The Department Store

These days, the idea of the department store as a destination and shopping adventure is pretty old-school; though the first department store opened in England in 1796, we have records of clusters of shops and kiosks dating back to the reign of Elizabeth I. But what's sometimes forgotten when considering the history of this particular kind of shopping is how much it contributed to the social spaces of Western women, and how it helped speed along their liberation and economic freedom.

19th century department stores were new spaces for new activities with new products, and the primary targets were women. And they became, historians say, a way for women to wander, socialize, experience new things without necessarily being chaperoned, and generally act as free agents in the service of pleasure. To be out in the world on one's own was seen as a highly dangerous for women, but the new spaces allowed for change. "19th century department stores," the academic Jeanne van Eeden notes, "became a key location of middle-class female activity and identity formation." In a world where going outside on your own meant social disgrace, the freedom offered by department stores was a veritable social revolution.

Forceps

The amount of women who die in childbirth throughout the world has dropped dramatically in the 21st century, though maternal mortality still remains horrifically common in countries where prenatal and childbirth care are below standard. A lot of things have contributed to this — from the understanding of germ theory (we now know that transmission of bacteria to the vagina of the woman can cause puerperal fever, infections and sepsis) to the invention of the epidural and anesthetic as standard. However, the forceps, which greatly aid babies in poor positions in the birth canal and lower the chances of maternal death from prolonged labor, have been an amazing asset in maternal health — even though they were kept a secret by their inventors for at least a century.

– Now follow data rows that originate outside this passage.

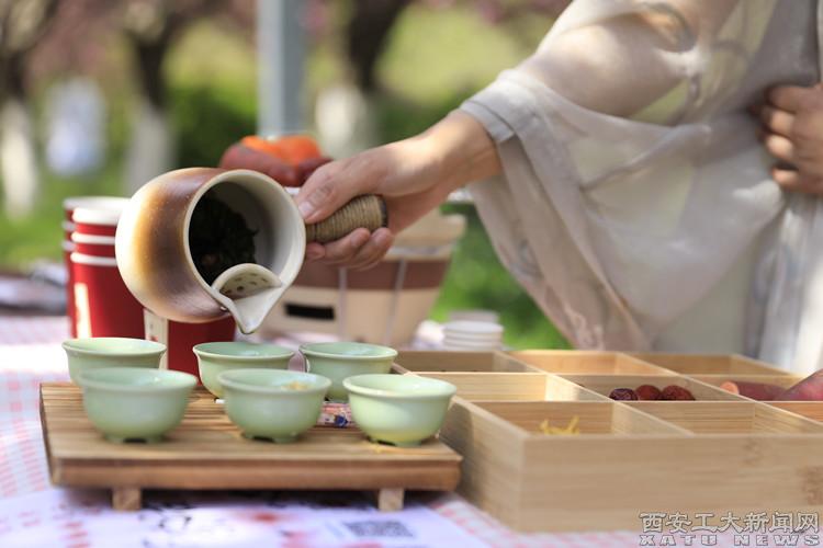 “雪沫乳花浮午盏,蓼茸蒿笋试春盘”。走进“樱下·茶话、食之·春韵”展台,感悟品茶之道,品味樱花美食,享受春天的美好。走进“映纸·抒春、春印·岁月”展台,同学们天马行空,向自然借点颜色,不一会儿,一幅栩栩如生、喷薄着盎然春意的精美作品映在眼前。
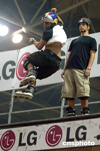 LG極限運動亞洲巡回賽結(jié)束上海的比賽后,二十三日移師北京并于二十四日結(jié)束賽事。來自全球極限運動的頂級高手參加了比賽,此次比賽為北京極限運動愛好者提供了一次難得的欣賞國外高手競賽的機會。此次比賽共有單排輪滑、自由式小輪車、滑板比賽。中新社記者:任海霞
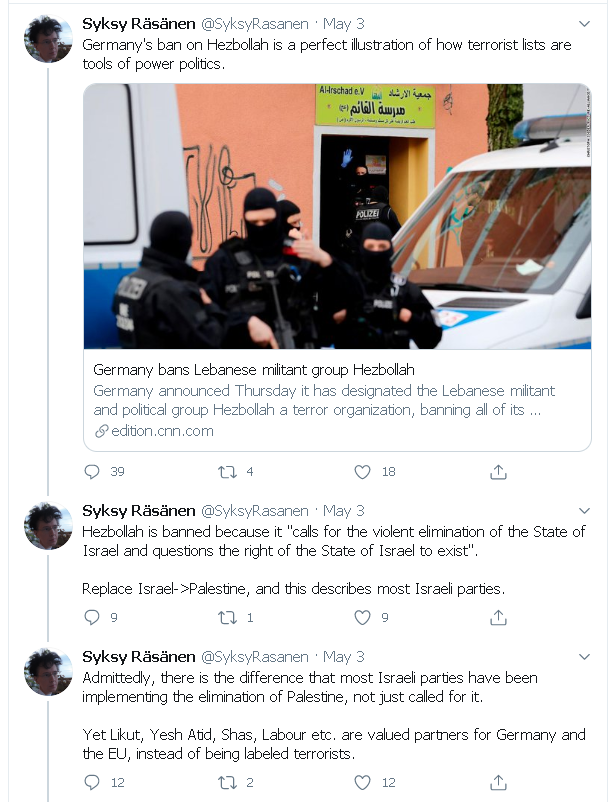 Syksy Rasanen, board member of Amnesty Finland, is angry at Germany banning Hezbollah, May 2020.
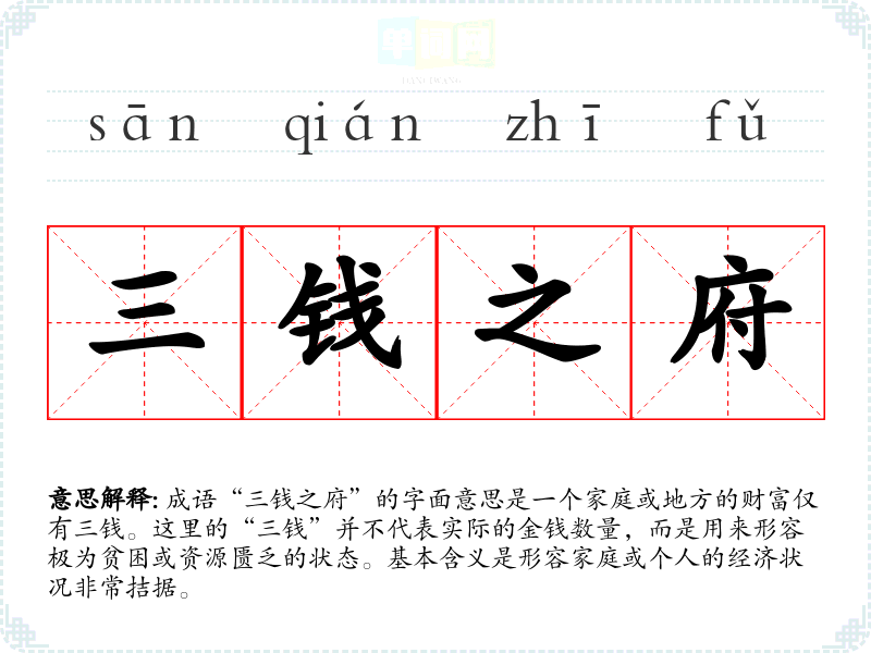 成语“三钱之府”的字面意思是一个家庭或地方的财富仅有三钱。这里的“三钱”并不代表实际的金钱数量,而是用来形容极为贫困或资源匮乏的状态。基本含义是形容家庭或个人的经济状况非常拮据。
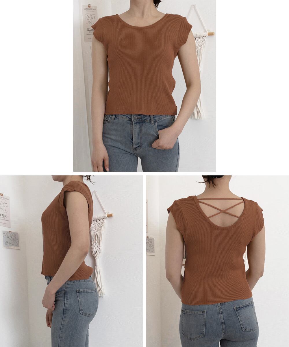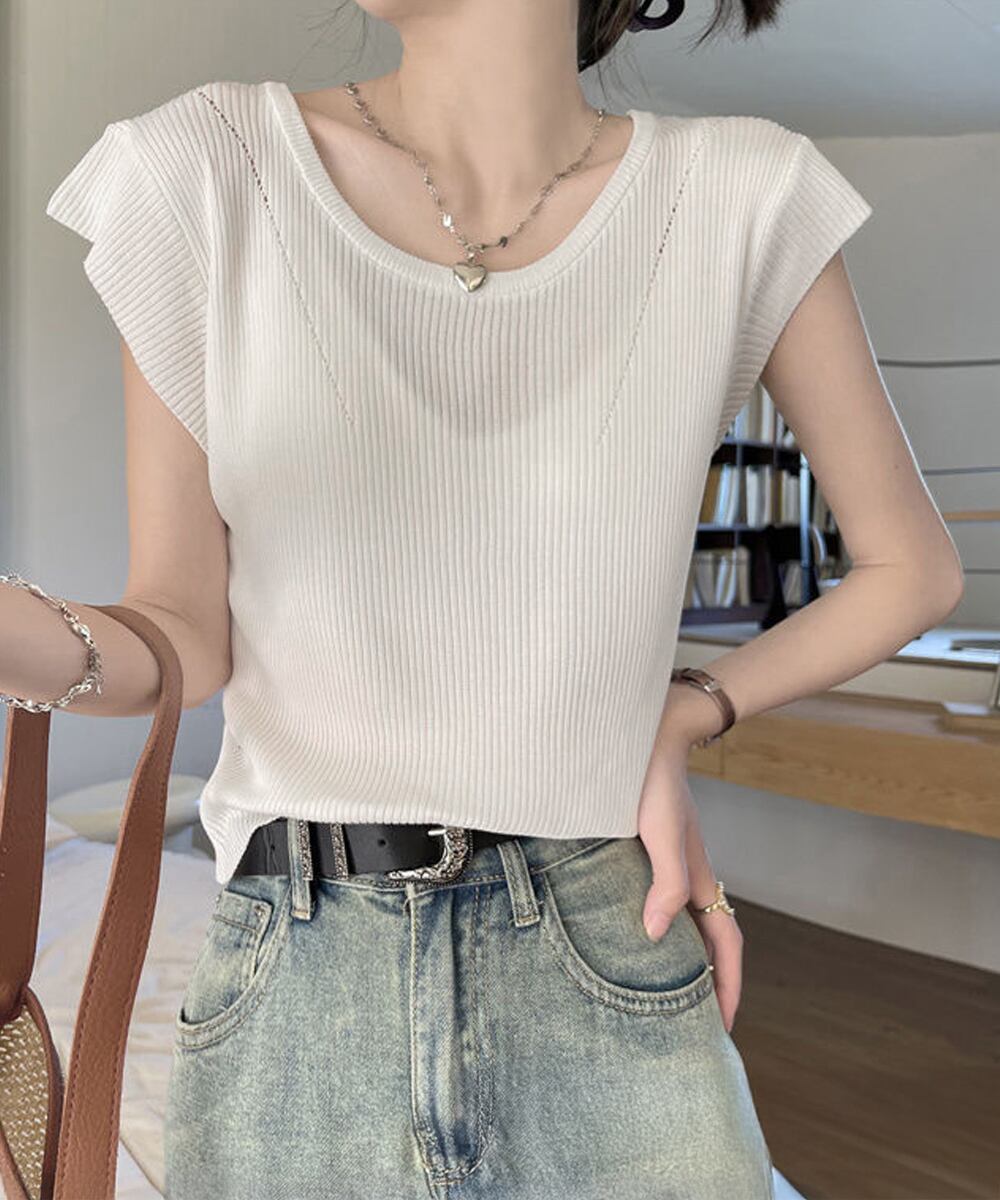 【日本倉庫からの発送】 フレンチスリーブ サマーニット 韓国風 #[85YN-900583_14800]【送料込み】【250712】

The Chamberlens, a 16th century French Huguenot family who worked in Holland, appear to have developed the forceps and used them as part of their practice of "male midwivery" — but they guarded their professional secret jealously, keeping the helpful invention secret for years. Forceps only came into wider use in the 18th and 19th century, particularly after Princess Charlotte's death in labor was blamed on her male physician's unwillingness to use forceps.

Sanitary Pads & Tampons

Women have been having periods since...well, pretty much always, and dealing with the bloody results in whatever way they can. Everything from folded cloth to animal fur appears to have been put to use for the purpose over the centuries, but it wasn't until World War I, in which French nurses began to use bandages made of wood pulp for their absorbent properties, that the modern sanitary pad was really born. Tampons had a similarly bizarre history, from ancient Egyptian pessaries to 19th century bundles of lint and cotton, but mass manufacture was also confined to the 20th century.

The main thing to consider about both of these inventions is convenience; the bother of having to cope with ineffective methods of period management, plus the stigma attached to the whole process, was a burden on women that created stress and (through poorly assembled homemade methods) the possibility for disease. Even today, period taboos create serious issues for women worldwide. Some women in rural Nepal have to go to "menstrual huts" for the duration of their periods, and it's common for girls in regions as diverse as sub-Saharan Africa and southeast Asia to drop out of school when their periods begin. Giving women access to easy, safe, disposable methods of managing their periods keeps them in education and the workforce, and protects their health. Like all of these inventions, we take menstrual products for granted today — but life without them would feel unrecognizable.